:: What you have to do ::
A faithful, picture-free copy of the listing below is required.

:: Supplied data ::
BEGIN

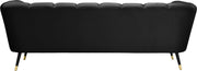 Sink your body into the inviting comfort of this Beaumont velvet sofa. Upholstered in a soft shade of black with black metal legs tipped in gold, this chair oozes modern charm and up-to-the-minute comfort. The heavily stuffed arms, seat and back are bound to beckon at day���s end for you to sit and relax. Deep channel tufting on the back and arms adds to its uber welcoming look. Pair it with the matching pieces in the same collection for cohesive beauty.
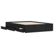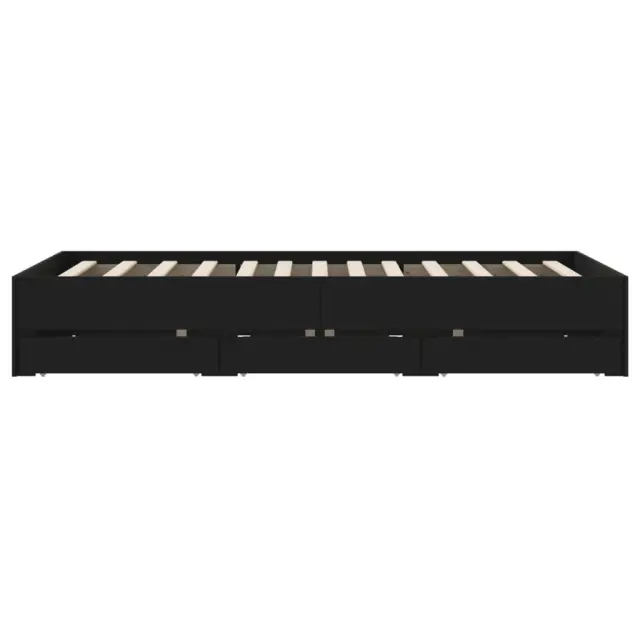 Dodajte svoji spalnici moderen pridih s tem posteljnim okvirjem s predali! Predstavlja praktičen in dekorativen dodatek za vaš bivalni prostor. Vzdržljiv material: Posteljni okvir je izdelan iz inženirskega lesa. Inženirski les se ponaša z izjemno kakovostjo, gladko površino ter močjo, stabilnostjo in odpornostjo na vlago.Trdne letvice: Letvice iz vezanega lesa omogočajo dobro porazdelitev teže in zagotavljajo, da vzmetnica ostane na mestu ob vsakem zasuku in obračanju med spanjem.Funkcija shranjevanja: Priloženi posteljni predali nudijo dovolj prostora za shranjevanje potrebščin, da bo soba čista in urejena. Dobro je vedeti:Vzmetnica ni priložena tej postelji. Ponujamo različno izbiro ležišč. V naši trgovini si lahko ogledate ustrezne vzmetnice.Barva: ČrnaMaterial posteljnega okvirja: Inženirski lesMaterial letvic: Vezan lesCelotne dimenzije: 203 x 123 x 33 cm (D x Š x V)Dimenzije predala (vsak): 65 x 30 x 15,5 cm (D x Š x V)Velikost primerne vzmetnice: 120 x 200 cm (Š x D) (vzmetnica ni priložena)Potrebno sestavljanje: DaPaket vsebuje:1 x Posteljni okvir6 x Predal 3207281
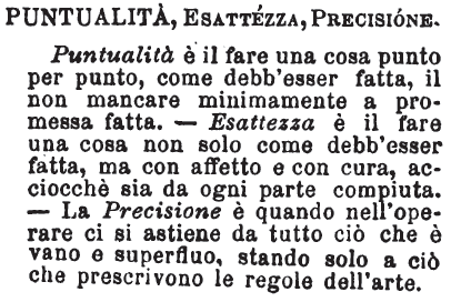 | Puntualità, Esattezza, Precisione - Puntualità è il fare una cosa punto per punto, come debb'esser fatta, il non mancare minimamente a promessa fatta. - Esattezza è il fare una cosa non solo come debb'esser fatta, ma con affetto e con cura, acciocchè sia da ogni parte compiuta. - La Precisione è quando nell'operare ci si astiene da tutto ciò che è vano e superfluo, stando solo a ciò che prescrivono le regole dell'arte. [immagine] |

END

:: Output of the exercise ::
 Sink your body into the inviting comfort of this Beaumont velvet sofa. Upholstered in a soft shade of black with black metal legs tipped in gold, this chair oozes modern charm and up-to-the-minute comfort. The heavily stuffed arms, seat and back are bound to beckon at day���s end for you to sit and relax. Deep channel tufting on the back and arms adds to its uber welcoming look. Pair it with the matching pieces in the same collection for cohesive beauty.
 Dodajte svoji spalnici moderen pridih s tem posteljnim okvirjem s predali! Predstavlja praktičen in dekorativen dodatek za vaš bivalni prostor. Vzdržljiv material: Posteljni okvir je izdelan iz inženirskega lesa. Inženirski les se ponaša z izjemno kakovostjo, gladko površino ter močjo, stabilnostjo in odpornostjo na vlago.Trdne letvice: Letvice iz vezanega lesa omogočajo dobro porazdelitev teže in zagotavljajo, da vzmetnica ostane na mestu ob vsakem zasuku in obračanju med spanjem.Funkcija shranjevanja: Priloženi posteljni predali nudijo dovolj prostora za shranjevanje potrebščin, da bo soba čista in urejena. Dobro je vedeti:Vzmetnica ni priložena tej postelji. Ponujamo različno izbiro ležišč. V naši trgovini si lahko ogledate ustrezne vzmetnice.Barva: ČrnaMaterial posteljnega okvirja: Inženirski lesMaterial letvic: Vezan lesCelotne dimenzije: 203 x 123 x 33 cm (D x Š x V)Dimenzije predala (vsak): 65 x 30 x 15,5 cm (D x Š x V)Velikost primerne vzmetnice: 120 x 200 cm (Š x D) (vzmetnica ni priložena)Potrebno sestavljanje: DaPaket vsebuje:1 x Posteljni okvir6 x Predal 3207281
 | Puntualità, Esattezza, Precisione - Puntualità è il fare una cosa punto per punto, come debb'esser fatta, il non mancare minimamente a promessa fatta. - Esattezza è il fare una cosa non solo come debb'esser fatta, ma con affetto e con cura, acciocchè sia da ogni parte compiuta. - La Precisione è quando nell'operare ci si astiene da tutto ciò che è vano e superfluo, stando solo a ciò che prescrivono le regole dell'arte. [immagine] |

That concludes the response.